Bharat Seats belongs to the same group as Sharda Motors and NDR Auto Components, with a strong promoter holding, he said, referring to the Rohit Relan Group.
At the end of the December quarter, promoters held a 74.66 stake in the company, including Maruti Suzuki India's 14.81 per cent shareholding.
According to Jain, there are four major fundamental tailwinds for companies operating in or related to the auto space:
Lower tariffs a big positive for auto companies
With the US-India trade deal in place, most analysts are upbeat about auto part export costs, also strengthening the auto space as a whole.
Jain believes that this is one of the major positive triggers for the stock.
Income tax cuts led to higher purchasing power
Income tax relief from Budget 2025 improved disposable income for individual tax assessees, improving their consumer spending on vehicles across segments.
GST 2.0 cuts a major boost
In September last year, the government announced a series of GST rate cuts while also reducing the number of slabs under the indirect tax regime to spur consumption.
Analysts say this is set to underpin demand for the next few years to come while prompting major auto makers to reduce vehicle prices.
Benchmark rate cuts
The auto sector is a rate-sensitive space, as lower borrowing costs.
Citing strong fundamentals, Jain pointed out that Bharat Seats' return on capital employed (RoCE) stands at 15-16 per cent with a three-year profit CAGR of around 40 per cent.
He also said that the company's quarterly performance was good.
The stock also looks technically strong, trading above its 200-day moving average (DMA), he said, adding that it offers a favourable risk reward.
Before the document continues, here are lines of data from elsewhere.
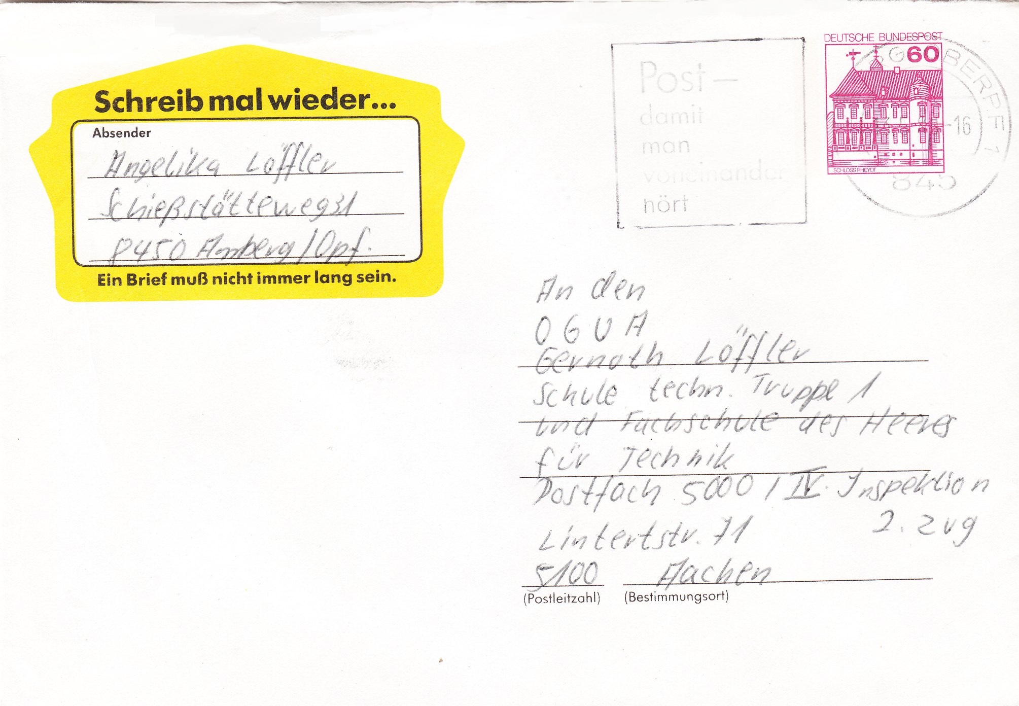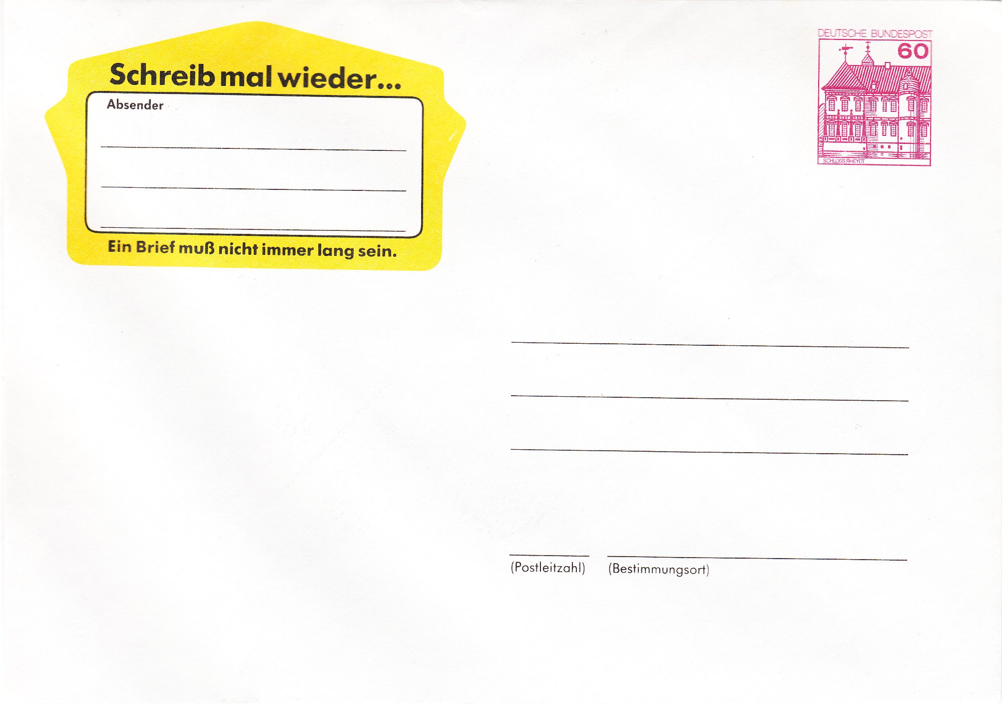 Im April 1980 führte die Deutsche Bundespost eine groß angelegte Werbeaktion mit dem Motto "Schreib mal wieder" durch. In zahlreiche Zeitschriften wurden Briefumschläge als Ganzsache mit eingedrucktem 60 Pf Wert der Dauerserie B&S eingeklebt, um so für das Briefeschreiben zu werben.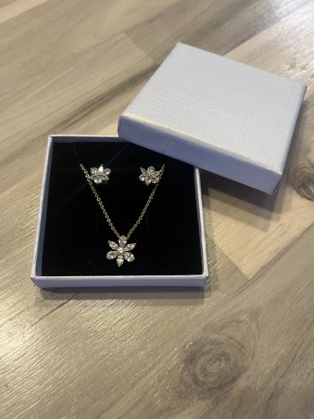 Cute Pandora flower jewelry set. Has necklace and matching stud earrings. Gold tone with sparkly diamonds. Comes in little white box since I am missing the original box. Earrings are $225 and necklace is $335.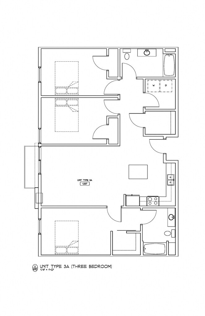 2B/2B (has HCA) - Plano 1 3 Dormitorios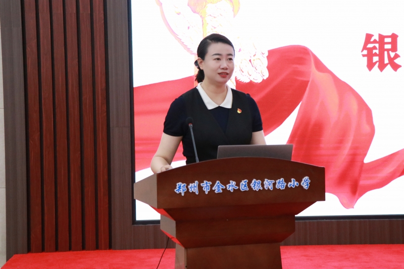 兒(er) 童是祖國的花朵,國家的未來和民族的希望。共青團員代表呂夢瑩向孩子們(men) 展示了國旗和國徽的意義(yi) ,還分享了新中國的建國曆程,讓愛國情懷滲透到每一位學生,把愛國的種子埋進每個(ge) 銀河學子的心靈深處。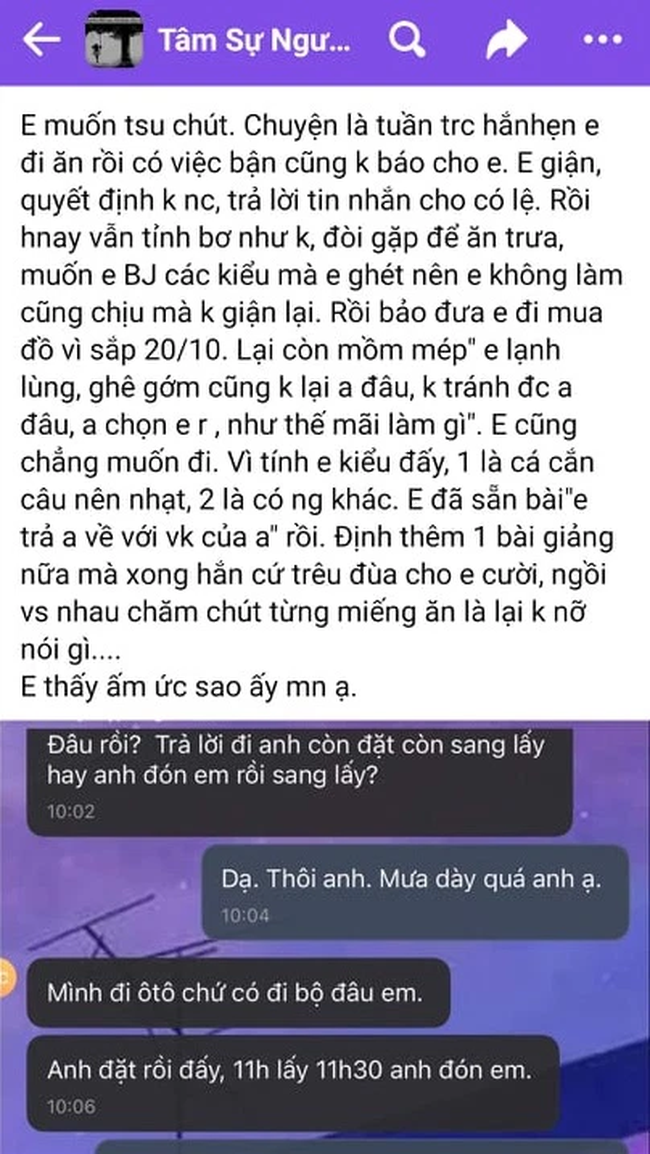 Cô ta bỏ bê cả người tình chuyện ân ái, làm nũng đủ kiểu. Nực cười ở chỗ, tiểu tam này còn "cành cao": "Em đã sẵn bài 'em trả anh về với vợ anh rồi'... Em thấy ấm ức sao ấy mọi người ạ".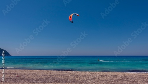 kite, boarding, sport, recreation, wind, power, person, sea, ocean, wave, water, beach, coast, shore, view, scenery, landscape, blue, sky, background, sunny, bright, concept, summer, vacation, holiday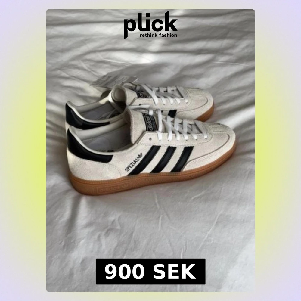 Adidas Spezial sneakers i beige mocka storlek 41 med svarta ränder på sidan. Skorna har en brun gummisula, snörning och rund tå. Dessa är även engångsanvända😊

Jain recommends buying the stock around Rs 162 for a target of Rs 210.
His target implies a 28.8 per cent upside from Friday's close.
Here are answers to a few frequently asked questions (FAQs) about this story:
How much did Bharat Seats rise on February 16?
The BHARATSE stock rose 20 per cent, matching an intraday surge last seen in May last year.
How close is the stock to its all-time high?
The stock came within Rs 44 of its record high scaled in mid-October last year.
What is Sandeep Jain’s view on Bharat Seats?
Sandeep Jain remains bullish on the stock, citing strong fundamentals and technical strength.
What is Bharat Seats’ promoter holding?
Promoters held a 74.66 per cent stake in the company as of the December quarter.
What is Maruti Suzuki India’s stake in the company?
Maruti Suzuki India holds a 14.81 per cent share in Bharat Seats.
What are the main tailwinds for the auto sector?
According to Sandeep Jain, US tariff cuts, income tax cuts, GST 2.0 reforms and repo rate cuts are seen as key growth triggers.
What are Bharat Seats’ key financial metrics?
The company has a RoCE of 15-16 per cent and a three-year profit CAGR of around 40 per cent, according to Sandeep Jain.